The music and original score is composed by Yuvan Shankar Raja, reuniting with Sundar C after 19 years since their last film Winner (2003). It mark Yuvan Shankar Raja's fourth collaboration with Sundar C and his fifth time with Jiiva after Raam, Kattradhu Thamizh, Siva Manasula Sakthi and Kalathil Santhippom. The album consists of eight songs. The audio rights acquired by U1 Records. Yuvan remixed and sing a popular classical song "Rum Bum Bum" from Michael Madana Kama Rajan (1990) which was composed by his father Ilaiyaraaja, and was released as a first single on 1 July 2022. The second single "Baby Gurl" was released on 16 July 2022. A promo video of the third single titled "Thiyagi Boys" was released on 6 August 2022. The entire song of the third single is scheduled to be released on 8 August 2022. It also marks the second collaboration of Adhi with Yuvan Shankar Raja after Anbarivu. The fourth single "Naalaya Pozhudhu" was released on 24 August 2022. The audio launch was held on 26 September 2022. The entire soundtrack album was released on 11 October 2022. Yuvan remixed a popular classical song "Poda Poda Punnaku" from En Rasavin Manasile (1991) which was composed by his father Ilaiyaraaja, and was released as a last single on 7 December 2022 after the film's release.

Track listing
| No. | Title | Lyrics | Singer(s) | Length |
|---|---|---|---|---|
| 1. | "Rum Bum Bum" | Vaali | Yuvan Shankar Raja, S. P. Balasubrahmanyam, K. S. Chithra | 3:50 |
| 2. | "Baby Gurl" | Pa.

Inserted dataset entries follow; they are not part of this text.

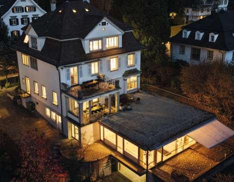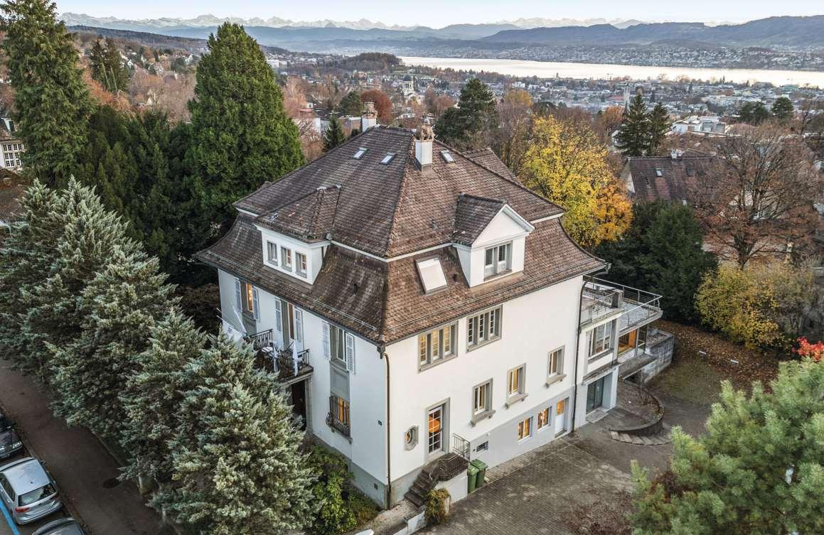 An bevorzugter Adresse am Zürichbergliegt diese Villa aus dem Jahr 1925 ruhig und zugleich in unmittelbarer Nähe zum städtischen Geschehen. Mit 25 Zimmern auf vier Etagen bietet sie äusserst vielseitige Nutzungsmöglichkeiten. Ob als Generationenhaus, zur Umwandlung in ein Mehrfamilienhaus, als Firmensitz oder als Gesundheitszentrum. Die clevere Skelettbauweise des lichtdurchfluteten Anbaus aus dem Jahr 2005 ermöglicht flexible Anpassungen. Die grosszügigen und hohen Räume, die Privatsphäredurch den gewachsenen Garten sowie dieSee- und Fernsicht aus den oberen Etagen unterstreichen diehohe Qualität der Liegenschaft.
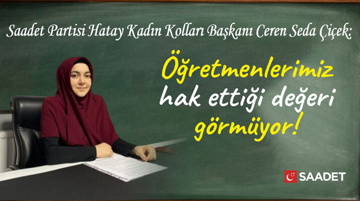 Saadet Partisi Hatay Kadın Kolları Başkanı Ceren Seda Çiçek Öğretmenler Günü vesilesiyle bir mesaj yayımlayarak, “Öğretmenlerimiz, hak ettiği değeri görmüyor. Atanamayan ve KHK mağduru öğretmenlerin de sorunları mutlaka acil olarak çözülmelidir” dedi.
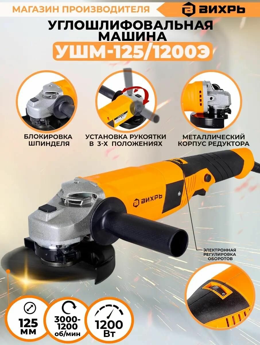 Обзор углошлифовальной машины Вихрь УШМ-125/1200Э
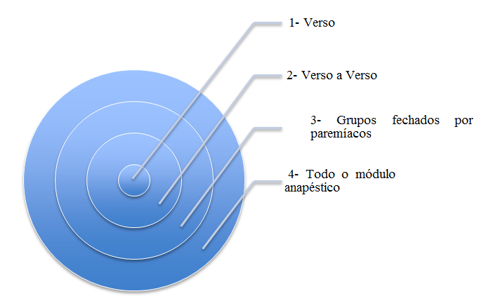 A imagem acima procura traduzir a correlação simultânea de diversas lógicas rítmicas que rumam em direção oposta à da desintegração analítica da escansão. No lugar de buscar referências cada vez menores, temos, pela correlação entre métrica e performance, a opção por soluções mais integrativas, que inserem as formas encontradas em níveis superiores de organização.
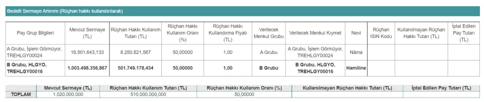 Mevcut ortakların yeni pay alma haklarının (rüçhan hakkının) kısıtlanmamasına, yeni pay alma haklarının 1 TL nominal değer üzerinden kullandırılmasına ve yeni pay alma hakkının kullanılmasında 1 TL nominal değerli bir payın satış fiyatının 1 TL olarak belirlenmesine,
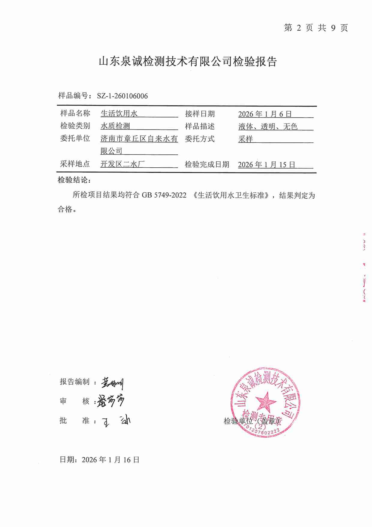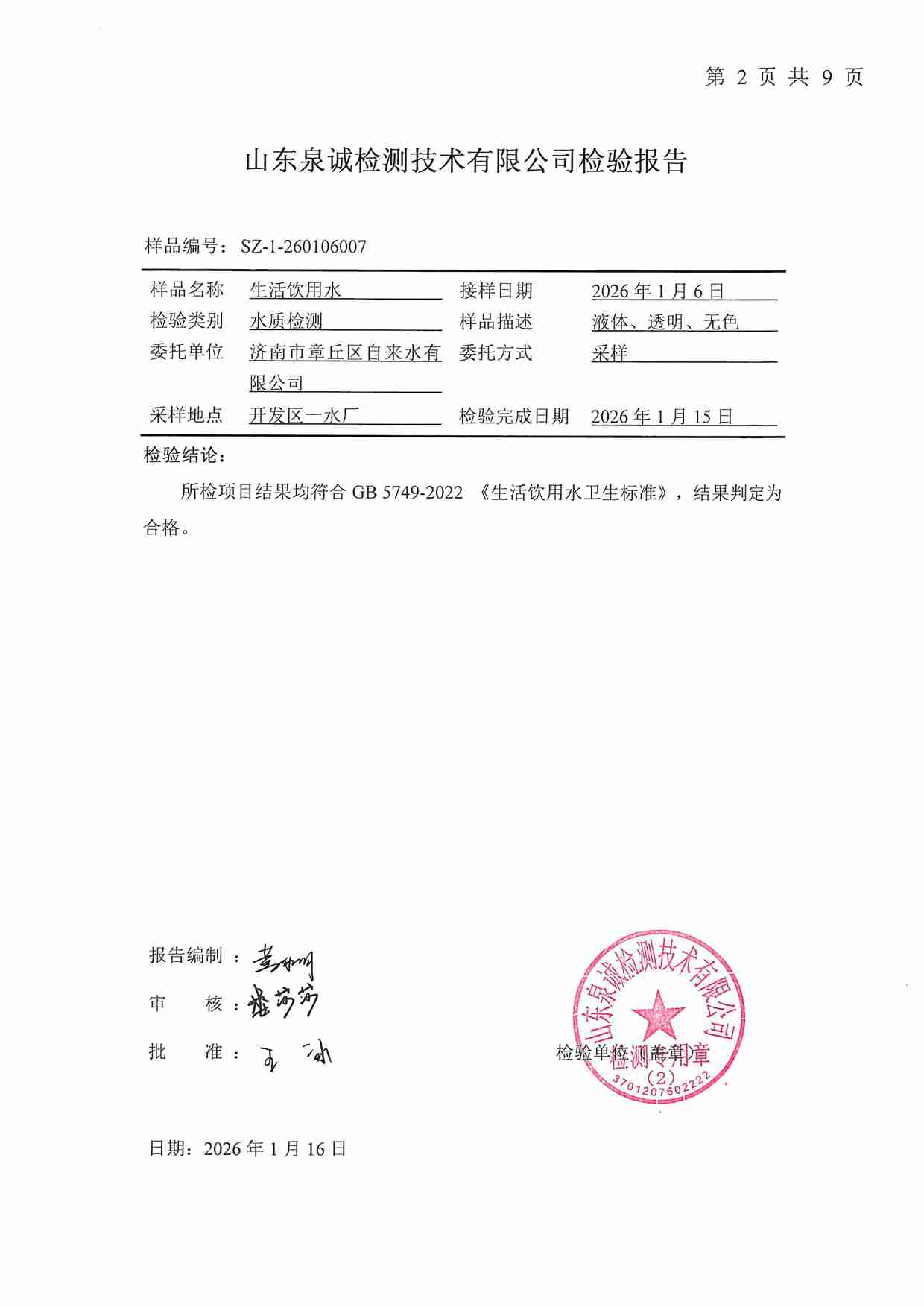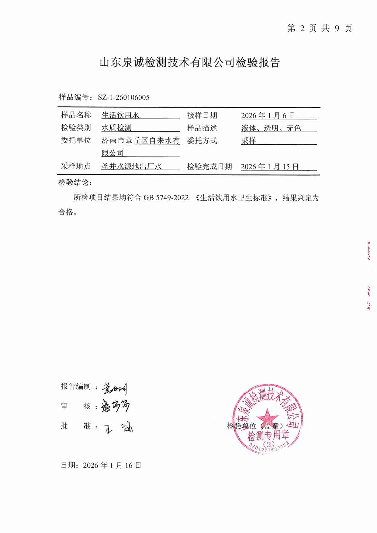 2026年01月水質報告
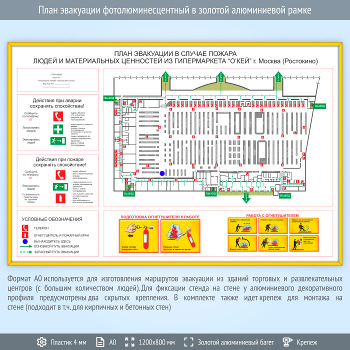 План эвакуации в золотой алюминиевой рамке (А0 формат) в Кызыле купить
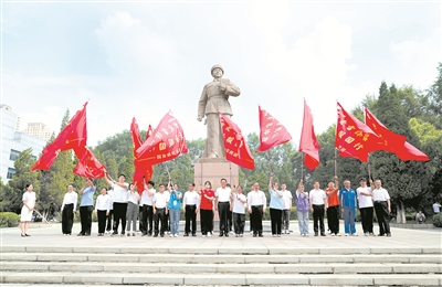 近日,由辽宁省抚顺市和辽宁石油化工大学联合组织开展的“重走雷锋路 青春报国行”高校学子社会实践活动在抚顺市雷锋纪念馆启动。图为嘉宾为参加社会实践活动的团队授旗。 新华社记者 逯阳 摄

Vijay | Yuvan Shankar Raja, Asal Kolaar | 3:40 |
| 3. | "Thiyagi Boys" | Perarasu | Yuvan Shankar Raja, Hiphop Tamizha Adhi | 3:26 |
| 4. | "Naalaya Pozhudhu" | Pa. Vijay | Yuvan Shankar Raja | 3:52 |
| 5. | "Thala Keezha" | Snehan | Nithyashree Venkataramanan, Lady Kash | 3:29 |
| 6. | "Maatram" | Pa. Vijay | Inno Genga | 3:48 |
| 7. | "Hi Hello" | Pa. Vijay | Sanjith Hegde | 3:50 |
| 8. | "Baby Gurl" (Reprise) | Pa. Vijay, Asal Kolaar | Yuvan Shankar Raja, Sid Sriram, Asal Kolaar | 3:39 |
| 9. | "Poda Poda Punnaku" | Piraisoodan, Pa. Vijay, MC Sanna | Hemambika, MC Sanna | 4:35 |
| Total length: |  |  |  | 34:60 |

==Release==

===Theatrical===
The film was released theatrically on 4 November 2022. Initially, the film was planned to release in theatres in July 2022. However, there were reports stating that the film would release on 7 October 2022, but again got postponed due to Ponniyin Selvan: I for record breaking success. The trailer of the film was released on 26 September 2022. The distribution rights of the film in Tamil Nadu were acquired by Udhayanidhi Stalin under the banner of Red Giant Movies.

=== Home media ===
The digital streaming rights of the film were acquired by ZEE5, while the satellite rights of the film is sold to Zee Tamil. The film began its digital premiere on the streaming platform from 9 December 2022.

==Reception==
The film received mixed reviews from critics and audiences.

M. Suganth of The Times of India rated the film 2 out of 5 stars and wrote, "We see how much the film's entertainment quotient improves when he goes back to his trademark comedy of confusions in the pre-interval stretch." P. Sangeetha of OTT Play rated the film 1.5 out of 5 and wrote, "This coffee is best avoided!" Praveen Sudevan of The Hindu wrote, "Neither Yuvan Shankar Raja’s music nor any of the performances salvage the film, beset by a weary screenplay." Avinash Ramachandran of Cinema Express rated the film 2.5 out of 5 stars and wrote, "A premise like Coffee With Kadhal needed a bit bolder approach where the boundaries are not just pushed but broken entirely." Kirubhakar Purushothaman of The Indian Express rated the film
1 out of 5 stars and wrote, "Why take so much effort for a film, that doesn’t extend the same gesture?" A critic from Cinema Vikatan wrote, "Moreover, the director did not think of a logical answer even at the dialogue level for how Aishwarya, who comes back at the end, went back and why she went back." Dinamalar rated the film 2.5 out of 5 stars.